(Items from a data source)
============

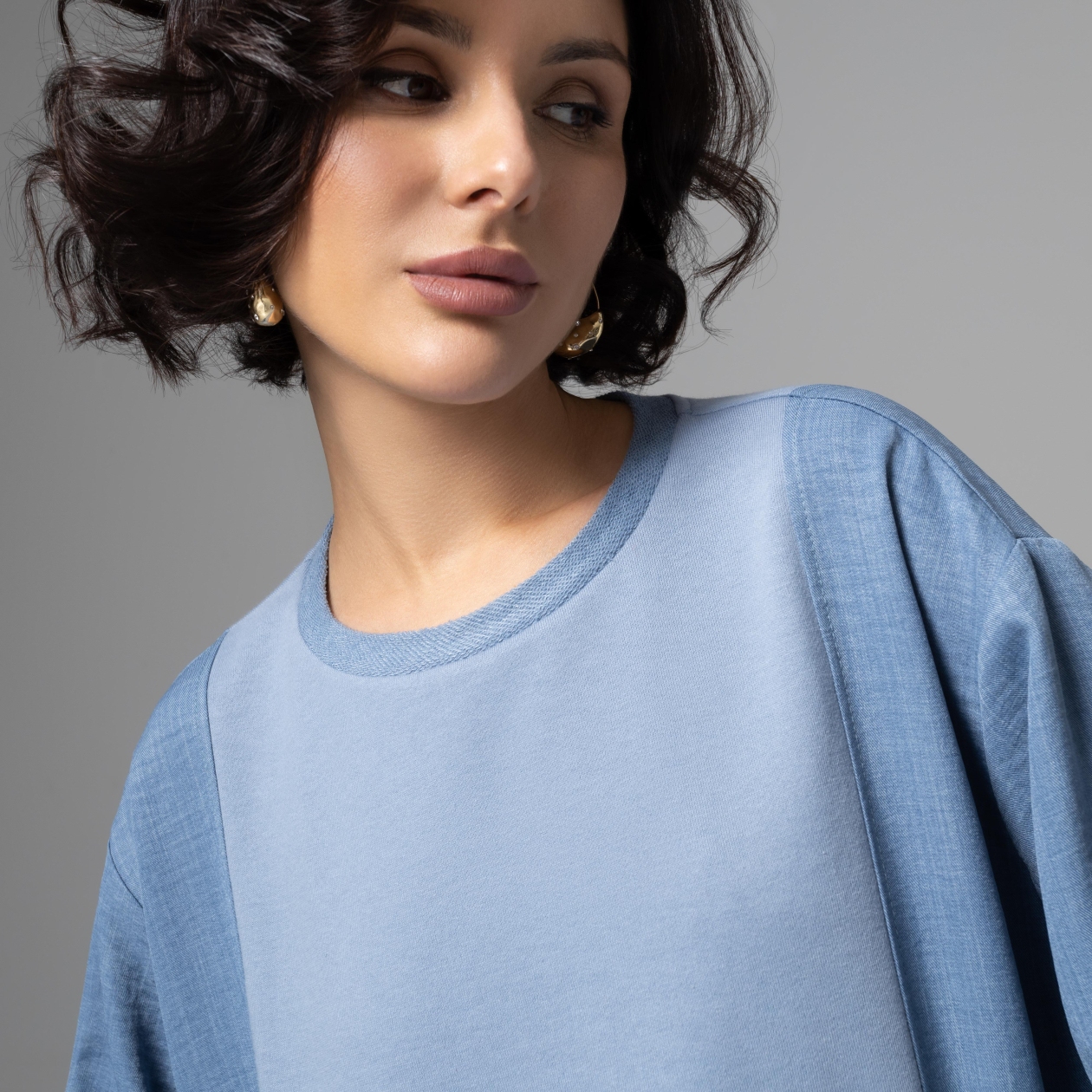 Тот редкий случай, когда вещь определяет весь образ. Мягкий небесный оттенок сразу делает кожу свежей и отдохнувшей. Такой голубой обожают использовать в casual‑капсулах стилисты звезд, потому что он снимает усталость лица и считывается как выбор спокойной, собранной женщины. Объемный рукав и завязки по бокам создают лёгкий намек на подиумный крой, но без перегруза – в этом свитшоте вы можете и вести переговоры, и улетать на выходные гулять у моря. Изделие с объёмными карманами, талия регулируется.
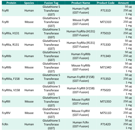 - 產品包括各種人類Fc受體,小鼠Fc受體及其同種共型受體(Allotype)
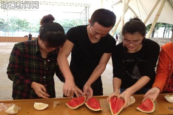本次此次比赛分为三个环节:团队比赛、个人比赛和游园活动。其中团体赛包括两部分,首先是“盲人摸果”,三人一组,猜出名字吃完即可,接着是由12人组成的团体接力,参赛队必须在规定时间内完成各种小游戏,用时最少的队伍获胜。在“我是大胃王”的个人赛中,选手们则是争分夺秒,尽可能快地吃完定量的水果。随后的游园活动包括背挤气球,空杯运球。比赛开始后,各参赛队齐心协力、互助合作、争分夺秒;场外的拉拉队则大声地呐喊助威。活动现场气氛热烈,阵阵呐喊声、欢快的笑声交织在一起,回荡在校园的上空。最后,王基鸿书记和冯绰姬老师为获胜参赛队颁发了奖金。并希望大家能在活动中增进友谊,享受活动的快乐。
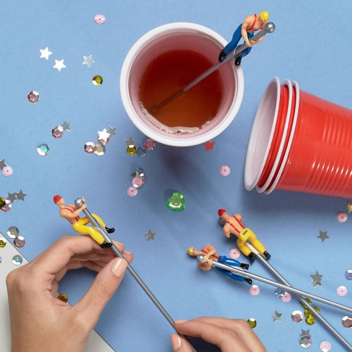 Pack of 4 Fireman's pole drink stirrers complete with hunky firemen. Use these stirrers to mix your drink or as a drink marker. Perfect for house parties, Hen Do's or Girls nights in. Each stirrer measures 21 x 2.5 x 2 cm. Hand wash only. Not suitable for dishwashers or microwaves
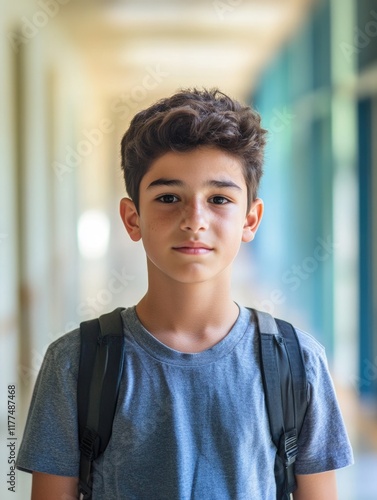Confident junior high boy student in bright corridor with natural light, wearing gray t-shirt and backpack, empty space for text background.

============

WHAT THE EXERCISE ASKS =>
Without carrying over any picture, retype the records above word for word.

EXERCISE OUTPUT =>
 Тот редкий случай, когда вещь определяет весь образ. Мягкий небесный оттенок сразу делает кожу свежей и отдохнувшей. Такой голубой обожают использовать в casual‑капсулах стилисты звезд, потому что он снимает усталость лица и считывается как выбор спокойной, собранной женщины. Объемный рукав и завязки по бокам создают лёгкий намек на подиумный крой, но без перегруза – в этом свитшоте вы можете и вести переговоры, и улетать на выходные гулять у моря. Изделие с объёмными карманами, талия регулируется.
 - 產品包括各種人類Fc受體,小鼠Fc受體及其同種共型受體(Allotype)
本次此次比赛分为三个环节:团队比赛、个人比赛和游园活动。其中团体赛包括两部分,首先是“盲人摸果”,三人一组,猜出名字吃完即可,接着是由12人组成的团体接力,参赛队必须在规定时间内完成各种小游戏,用时最少的队伍获胜。在“我是大胃王”的个人赛中,选手们则是争分夺秒,尽可能快地吃完定量的水果。随后的游园活动包括背挤气球,空杯运球。比赛开始后,各参赛队齐心协力、互助合作、争分夺秒;场外的拉拉队则大声地呐喊助威。活动现场气氛热烈,阵阵呐喊声、欢快的笑声交织在一起,回荡在校园的上空。最后,王基鸿书记和冯绰姬老师为获胜参赛队颁发了奖金。并希望大家能在活动中增进友谊,享受活动的快乐。
 Pack of 4 Fireman's pole drink stirrers complete with hunky firemen. Use these stirrers to mix your drink or as a drink marker. Perfect for house parties, Hen Do's or Girls nights in. Each stirrer measures 21 x 2.5 x 2 cm. Hand wash only. Not suitable for dishwashers or microwaves
Confident junior high boy student in bright corridor with natural light, wearing gray t-shirt and backpack, empty space for text background.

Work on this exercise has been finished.